Geçen yıl bu zamanlar yine kritik bir süreç başladığını ve maalesef pek çok sorunun bizi beklediğini yazmıştım. Bunu ön görerek Şubat sayısında da “Bu sezon tarlaya ürün “Ekelim mi-Ekmeyelim mi ?” diye de sormuştum. Bir yıl aradan sonra yine aynı soruyu sorsam ne dersiniz?

“Bu yıl geçen seneden çok daha zor olacak, çünkü su yok” ” dediğinizi duyar gibiyim.  Araziyi ekip biçmenin birinci kuralı sulamadır ve ülkemizdeki su kaynaklarının yaklaşık %72’si Tarımsal sulamada kullanılmaktadır.
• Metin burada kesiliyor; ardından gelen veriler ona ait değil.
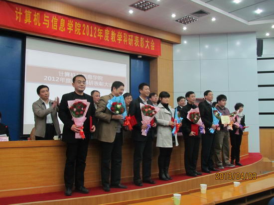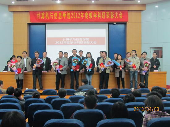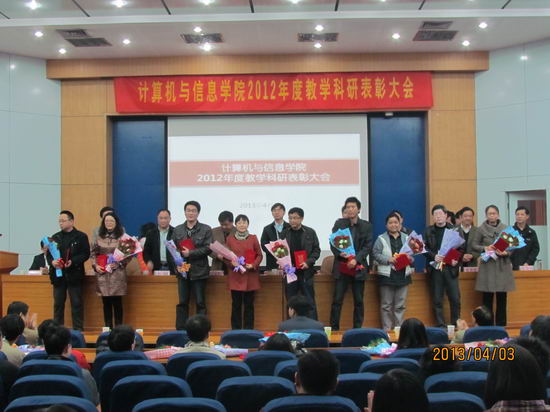 大会对2012年度学生评教中排序前二十名的个人授予了“2012年度学生评教个人优秀奖”;对2012年度科研项目纵向到账经费50万以上、横向到账经费100万以上的个人授予了“2012年度承担科研项目个人优秀奖”。会上,吴玉程副校长发表了讲话,向受到表彰的31位教师表示祝贺,对学院2012年度工作给予了高度的评价,并勉励大家科研再上台阶,早日将开云官网建设成研究型高水平学院。
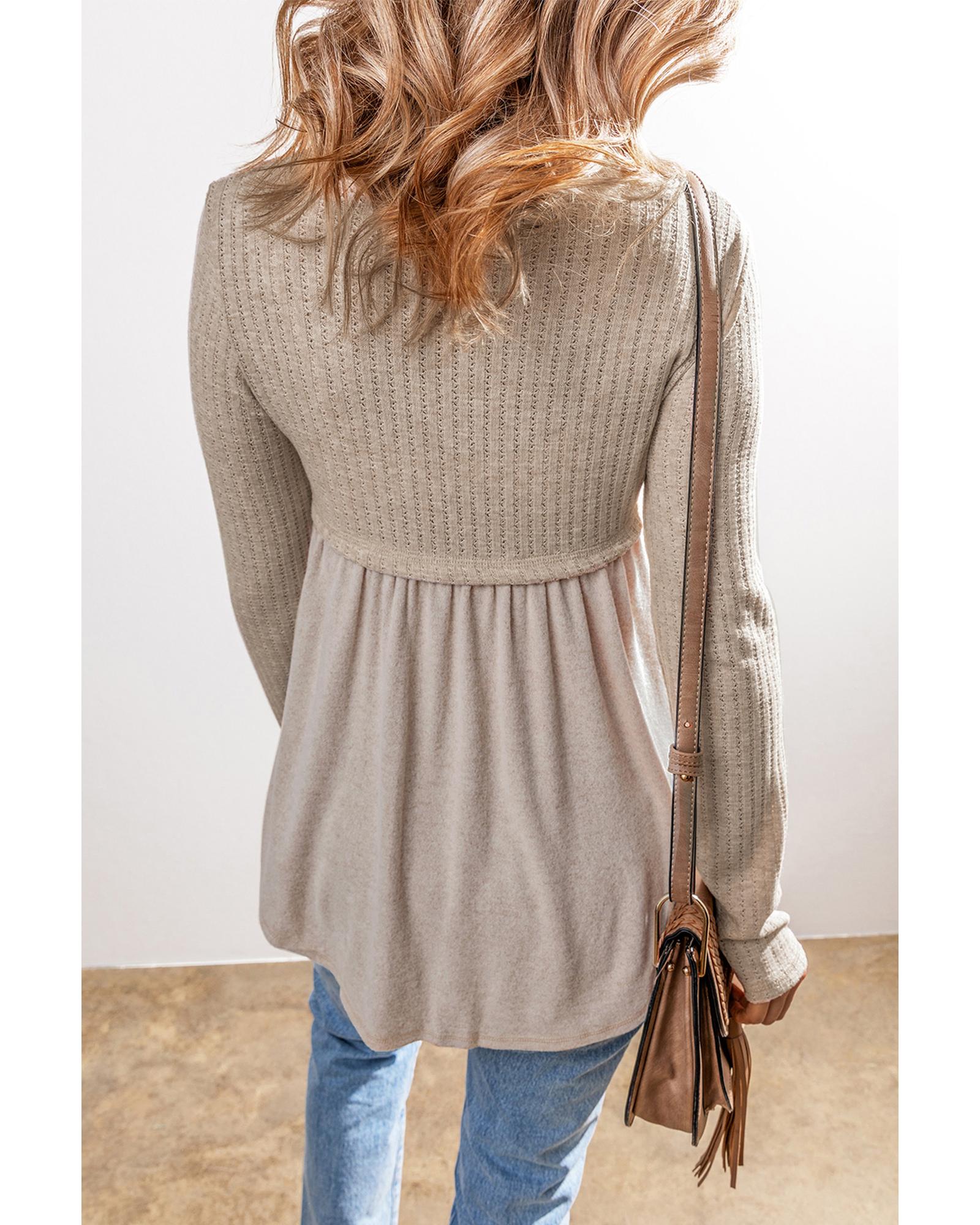 Smoke Gray Textured Long Sleeve V Neck Babydoll Top – S
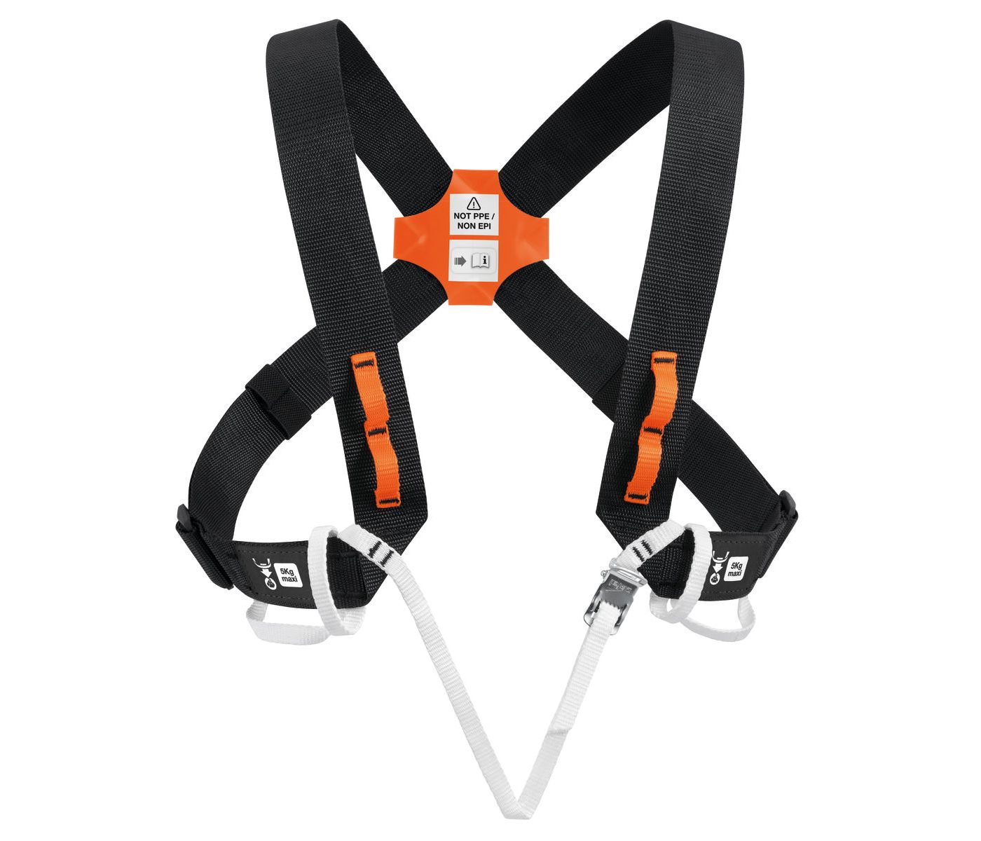 Schulterträger zum Positionieren einer CROLL-Seilklemme vor der Brust mit Materialschlaufen
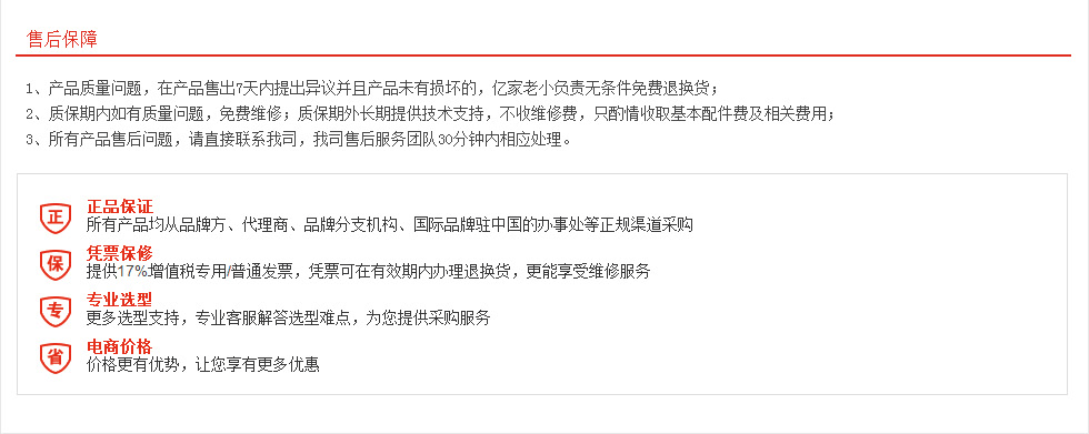 注: 产品质量问题,在产品售出7天内提出异议并且产品未有损坏的,亿家老小负责无条件免费退换货;质保期内如有质量问题,免费维修;质保期外长期提供技术支 持,不收维修费,只酌情收取基本配件费及相关费用;所有产品售后问题,请直接联系我司(7x24小时热线:400-027-9875),我司售后服务团队 30分钟内相应处理。
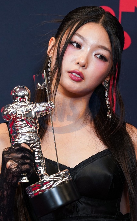 ELMONT, NASSAU COUNTY, NEW YORK, USA - SEPTEMBER 07: Yoonchae Jeong of KATSEYE poses in the press room at the 2025 MTV Video Music Awards held at UBS Arena on September 7, 2025 in Elmont, Nassau County, New York, United States., Credit:Jorge Estrellado / Avalon
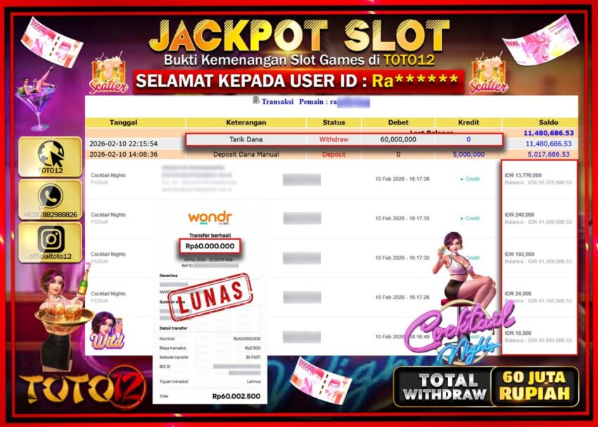 Selamat kepada Member Kami Ra*****  Telah Jackpot dan berhasil mendapatkan kemenangan besar pada permainan JACKPOT SLOT GAME  (COCKTAIL NIGHTS)  Dengan Kemenangan Sebesar Rp.60.000.000–.
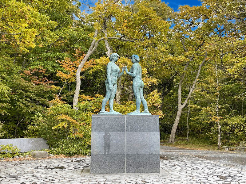 駅前広場に設置されたリンゴを持つ男女の銅像「りんごの風」。(2021.10)
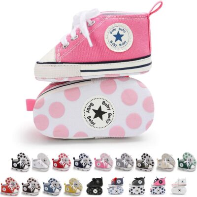 Tutoo Unisex Baby Boys Girls Star High Top Sneaker Soft Anti-Slip Sole Newborn Infant First Walkers Canvas Denim Shoes
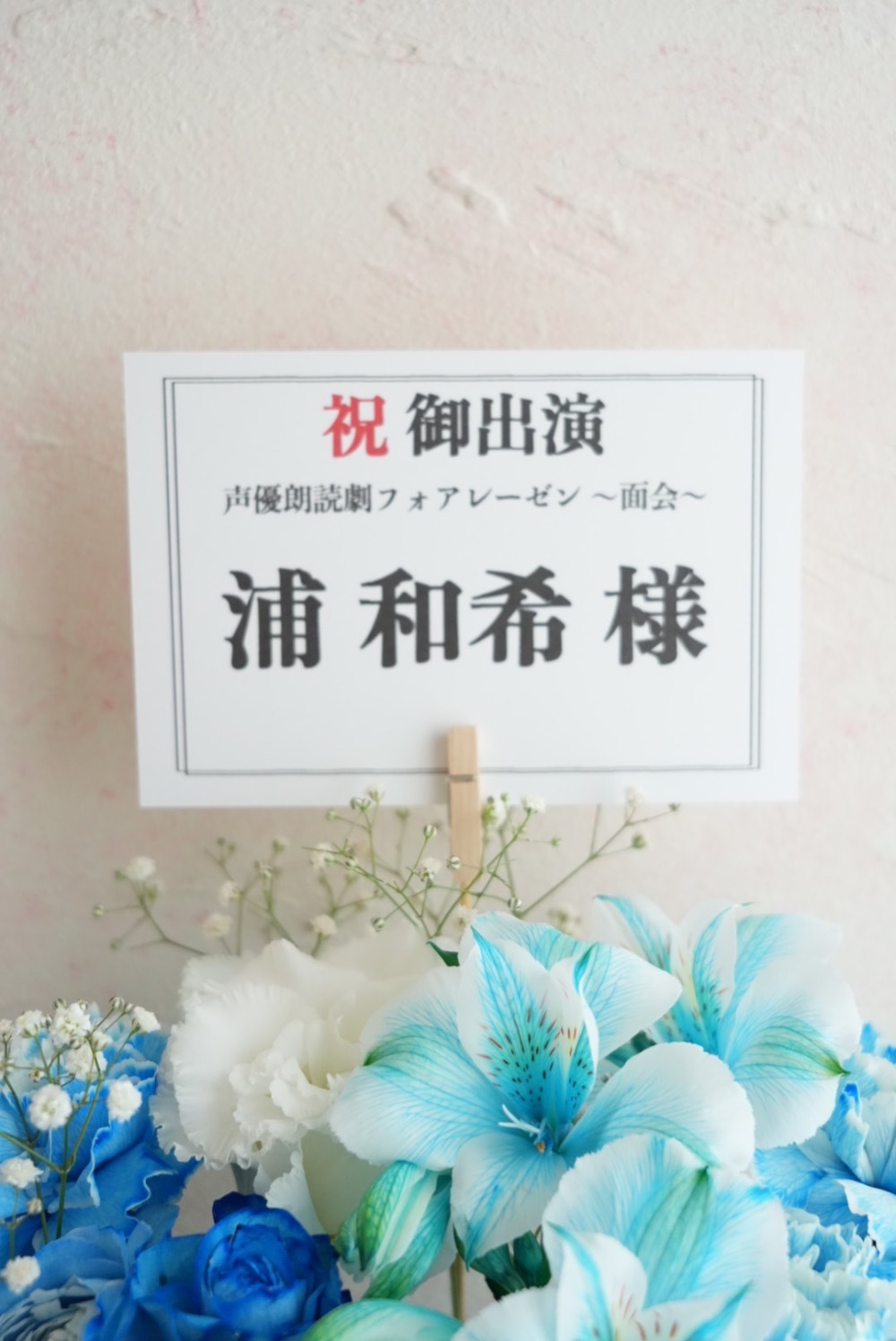 #15,000円 #公演・出演祝い #フラワーデザイナー成田 #水色 #楽屋花 #推し花 #横須賀芸術劇場 #浦和希 #声優 #フォアレーゼン
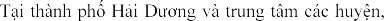 + Khu Vực Đô Thị: trước đây nguồn nước cho nhu cầu sản xuất và nhu cầu sinh hoạt thuộc khu vực thành phố Hải Dương chủ yếu là do nhà máy nước Bình Hàn và Tân Hải cung cấp. Nhưng đến nay đã sử dụng nguồn nước
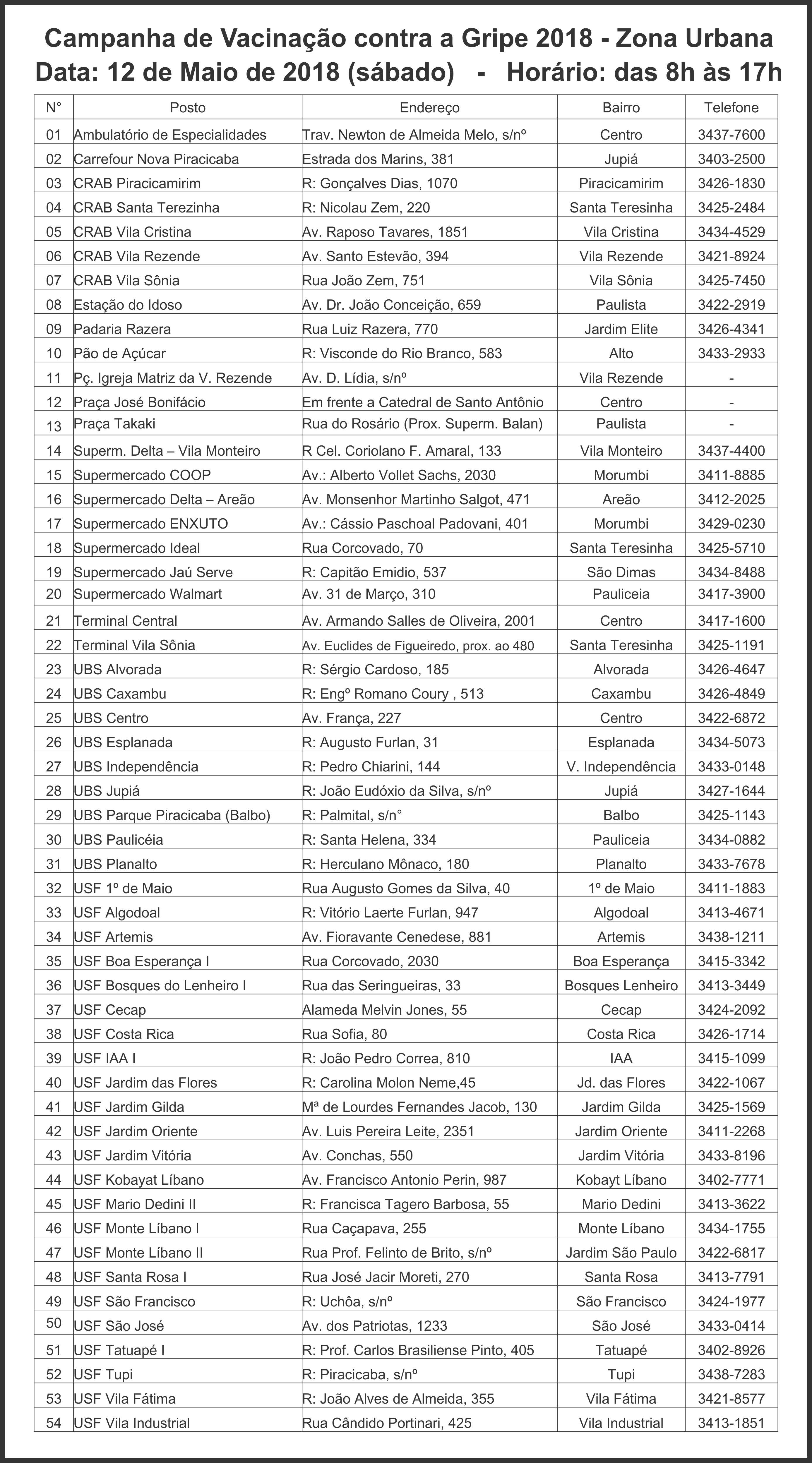 Somente os 37 postos fixos oferecerão a vacina fracionada contra a febre amarela. Os postos fixos e volantes vacinarão contra a gripe. Segue abaixo lista de todos os postos, fixos e volantes:
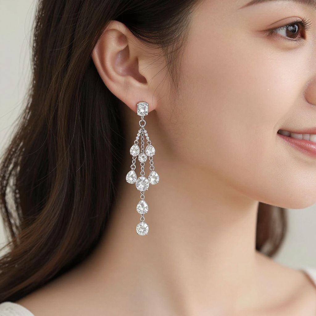 Elegant silver crystal bridal earrings cascade gracefully from a woman's ear, featuring three tiers of sparkling stones that shimmer against her soft, styled hair and radiant smile.
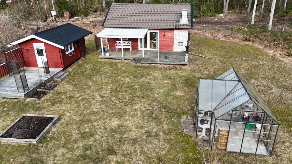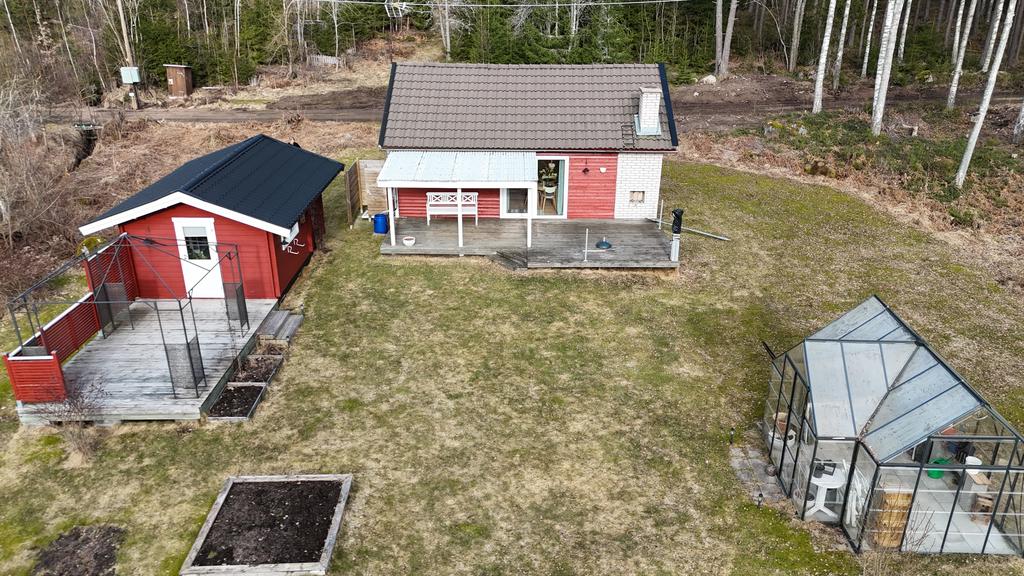 På tomten finns även en isolerad gäststuga med el, perfekt för övernattande gäster eller som extra utrymme. Den har dessutom en trevlig veranda samt en praktisk förrådsdel på baksidan.
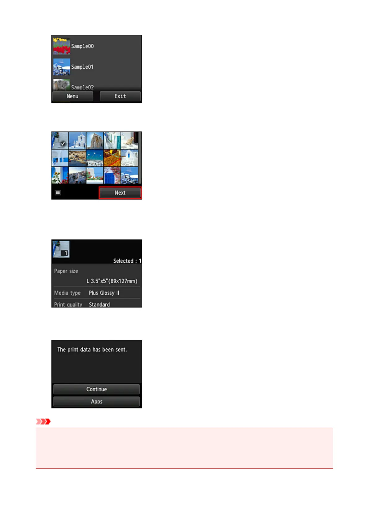 In the displayed image list, select the image that you want to print, and then select Next
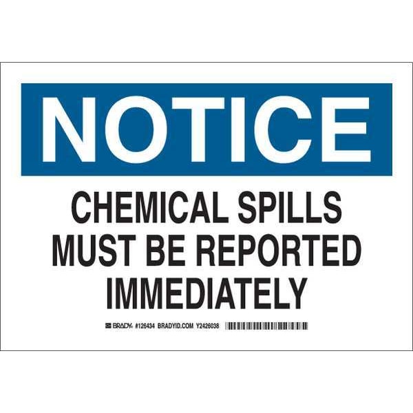 Notice, Chemical Spills Must Be Reported Immediately, 10" W x 7" H, Rectangle, Polyester, 126434
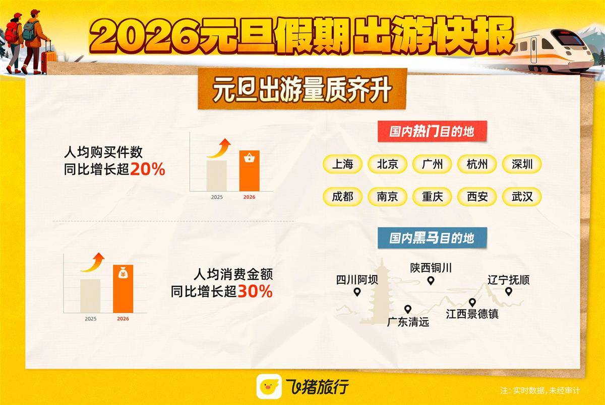 湖北日报讯(记者王理略、通讯员汪星州)得益于“请3休8”拼假攻略的带动,2026年元旦旅游市场迎来开门红。1月3日,飞猪发布《2026元旦假期出游快报》显示,消费者出游意愿与消费力同步攀升,人均购买件数、人均消费金额同比分别增长超20%、30%。元旦当天,国内酒店、目的地玩乐商品预订量更是同比劲增280%、270%。武汉入选全国十大热门目的地。
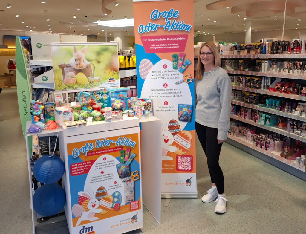 „Gerade zu Ostern möchten viele Menschen etwas Gutes tun. Mit der Osteraktion schaffen wir eine unkomplizierte Möglichkeit, gezielt zu helfen und gleichzeitig Freude zu schenken“, erklären Yvonne Ledebur und Dennis Kokoska, Filialleiter der dm-Standorte in Neustadt und Nienburg. Die Kleinen Strolche sind dankbar für die Aktion: „Bade- und Bastelsachen benötigen wir rund ums Jahr“, so Petra Kothe vom e.V. „Uns ist wichtig, dass wir für unsere Kids besondere Momente schaffen und ein Stückchen Kindheit nachholen.“

Eğer yeterli suyunuz yoksa elinizden hiçbir şey gelmez. Alternatif bir yol da bulmanız neredeyse imkânsızlaşır. O zaman ne yapacağız?

Sanırım suyu az tüketen bitkilere yönelmek icap edecek gibi. Örneğin nohut, arpa, bazı buğday türleri vs. Ya da toprağın su kaybını engelleyecek, sulamadan maksimum fayda sağlayacak su tutucu bazı polimerleri alıp kullanacağız. Haliyle çiftçi olarak bizlere ek yük getirecek ama hiç değilse arazimizi ekmiş ve boş bırakmamış olacağız.

Nedir bu su tutucu polimerler ve nasıl işe yarar? Size kısaca bahsedeyim.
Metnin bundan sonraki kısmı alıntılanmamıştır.